In which my private e-mail communications get reprinted by a government newspaper in Ecuador
Now, this is just gross: the text of one of my private e-mails has been published in an Ecuadorian government newspaper. In an article that portrays me as part of a conspiracy that, were it to exist, I’d be proud to participate in.
Here’s what happened. In July, I got a note from Gonzalo Guillén, a Colombian journalist known for his investigations into alleged ties between politicians — including ex-President Álvaro Uribe — and organized crime. He asked if I could meet with Martha Roldós, an Ecuadorian opposition politician and environmental activist, who was visiting Washington and considering launching an independent media outlet in her country.
We had lunch. Ms. Roldós said that the situation of independent journalists had grown very serious in Ecuador, that it was very difficult to do reporting without a civil or criminal response from the government, and that the intelligence services had increased their surveillance of independent journalists. (Shortly after, I recorded a podcast about press freedom in Ecuador with Carlos Lauría of the Committee to Protect Journalists.)
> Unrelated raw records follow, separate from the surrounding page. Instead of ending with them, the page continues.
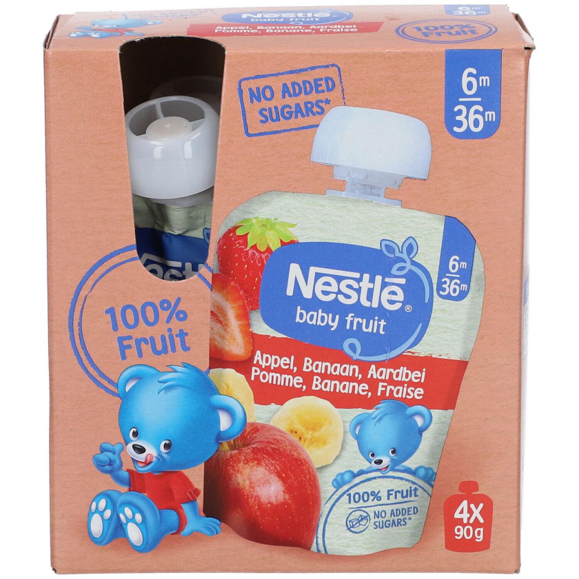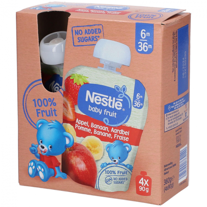 Детское фруктовое пюре NESTLE Baby Fruit с яблоком, бананом и клубникой для детей от 6 до 36 месяцев. Без добавления сахара, консервантов, красителей и искусственных ароматизаторов. Обогащено витамином C. Удобная упаковка 360 г для питания на ходу.
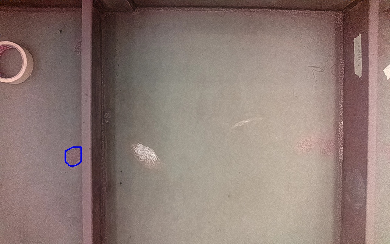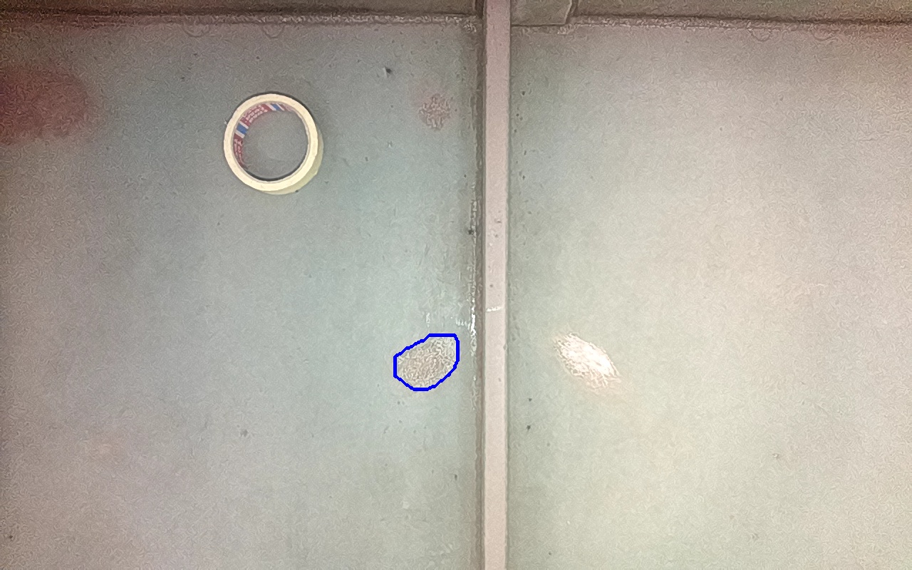 Rayaduras o zonas de metal expuestas con productos de óxido débilmente adherido.
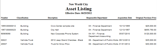 The Asset Listing is the most basic of the asset reports. It provides a list of assets based on many options to search from.
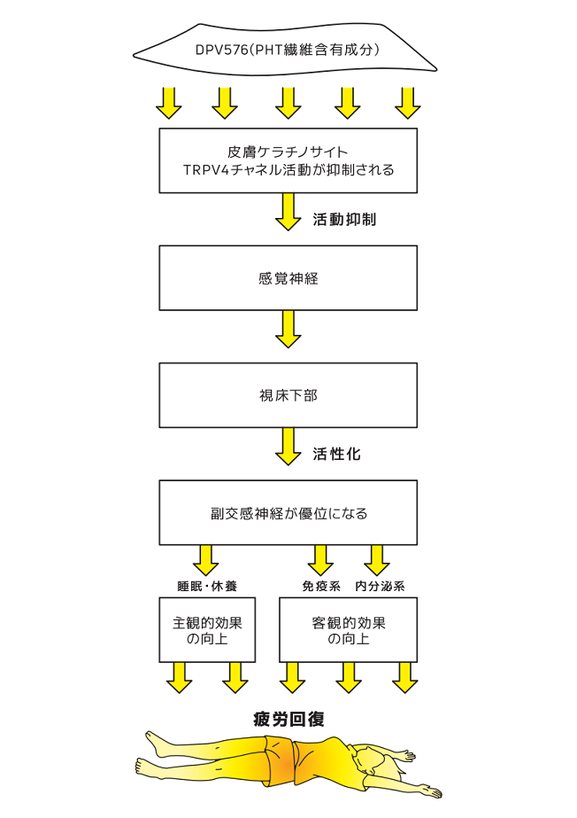 DPV576(PHT繊維内含有成分)が、皮膚の感受センサーに作用し交感神経を抑制(副交感神経を優位)。副交感神経が優位になると、筋肉が弛緩し血管が拡張され、血流を促進。その結果、血流によって新鮮な酸素や栄養素は各細胞に運ばれ、疲労物質に代表される老廃物の除去を促します。また、副交感神経が優位になることで睡眠の質向上も期待でき、その結果、人体本来の活動能力(活力)の回復が促進されます。
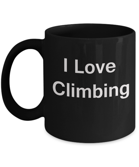 Mountain Climbing Lovers Gifts - I Love Climbing - Valentines Gifts - Porcelain Black Funny Coffee Mug, Best Office Tea Mug & Coffee Cup Gifts 11 oz
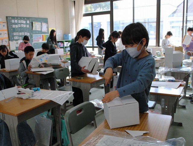 4年生は、図工「おもしろだんボールボックス」の学習をしています。段ボールの形を活かして自分だけの入れ物を作っています。

Ms. Roldós said that, along with a group of reporters, she was planning to found an independent “new media” outlet along the lines of Colombia’s La Silla Vacía or El Salvador’s El Faro. This sounded like a good idea, so I sent an e-mail to a colleague at the Open Society Foundations, which has supported these and other independent Latin American Internet newspapers, recommending they meet.
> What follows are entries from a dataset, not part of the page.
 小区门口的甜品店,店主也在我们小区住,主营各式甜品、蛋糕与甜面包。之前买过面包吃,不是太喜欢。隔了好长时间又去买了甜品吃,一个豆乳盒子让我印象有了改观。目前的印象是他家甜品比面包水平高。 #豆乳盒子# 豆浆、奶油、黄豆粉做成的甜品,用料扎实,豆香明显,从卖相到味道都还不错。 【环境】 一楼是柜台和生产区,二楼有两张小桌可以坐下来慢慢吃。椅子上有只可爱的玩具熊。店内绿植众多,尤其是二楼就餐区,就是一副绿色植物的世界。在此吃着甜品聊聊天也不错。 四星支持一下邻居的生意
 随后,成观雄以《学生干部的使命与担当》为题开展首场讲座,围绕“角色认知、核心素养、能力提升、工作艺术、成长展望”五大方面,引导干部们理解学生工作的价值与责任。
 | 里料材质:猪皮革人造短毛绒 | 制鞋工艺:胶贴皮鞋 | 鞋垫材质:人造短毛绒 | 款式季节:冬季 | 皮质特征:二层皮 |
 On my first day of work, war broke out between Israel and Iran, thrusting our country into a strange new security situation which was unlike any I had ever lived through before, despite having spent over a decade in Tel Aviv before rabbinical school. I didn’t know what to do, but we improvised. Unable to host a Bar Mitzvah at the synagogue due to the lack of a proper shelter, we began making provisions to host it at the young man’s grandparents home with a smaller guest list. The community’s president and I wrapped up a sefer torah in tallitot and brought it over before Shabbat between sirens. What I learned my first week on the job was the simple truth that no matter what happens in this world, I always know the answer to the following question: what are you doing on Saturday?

Well, last month Ms. Roldós had her e-mail account hacked. The hackers were most likely affiliated with the Ecuadorian government, because the content of my e-mail to Open Society showed up in a government-owned newspaper, the Guayaquíl-based El Telégrafo. (That this happened certainly confirms a lot of what Ms. Roldós told me at that lunch.)
The article features a graphic with my picture, taken from WOLA’s website, as part of a sinister circle including Ms. Roldós, Mr. Guillén, David Holiday at OSF, other Ecuadorian journalists critical of the government, and even the National Endowment for Democracy, the U.S. government agency to whom—according to her hacked emails—Ms. Roldós was also applying for support.
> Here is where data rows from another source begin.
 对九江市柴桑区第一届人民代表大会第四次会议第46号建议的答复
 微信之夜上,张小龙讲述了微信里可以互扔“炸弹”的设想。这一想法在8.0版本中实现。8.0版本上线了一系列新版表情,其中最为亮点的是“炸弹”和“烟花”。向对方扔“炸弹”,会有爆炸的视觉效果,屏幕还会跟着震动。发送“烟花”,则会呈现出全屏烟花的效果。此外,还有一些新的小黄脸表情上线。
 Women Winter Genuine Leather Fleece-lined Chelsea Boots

The article portrays NED as some sort of CIA front. While the agency has murky cold-war origins, its priorities have long since shifted. In 2011-2012, one of NED’s fellows was Colombian investigative journalist Hollman Morris, a frequent target of vicious verbal attacks from Colombia’s right wing.
I certainly stand by what I wrote in the email, and I’m delighted to be depicted as a member of such an illustrious group. But I’m absolutely furious that the content of my private communications has been published without my consent. By a government paper, no less.
The article reflects well on me. But it reflects very poorly on Ecuador’s government.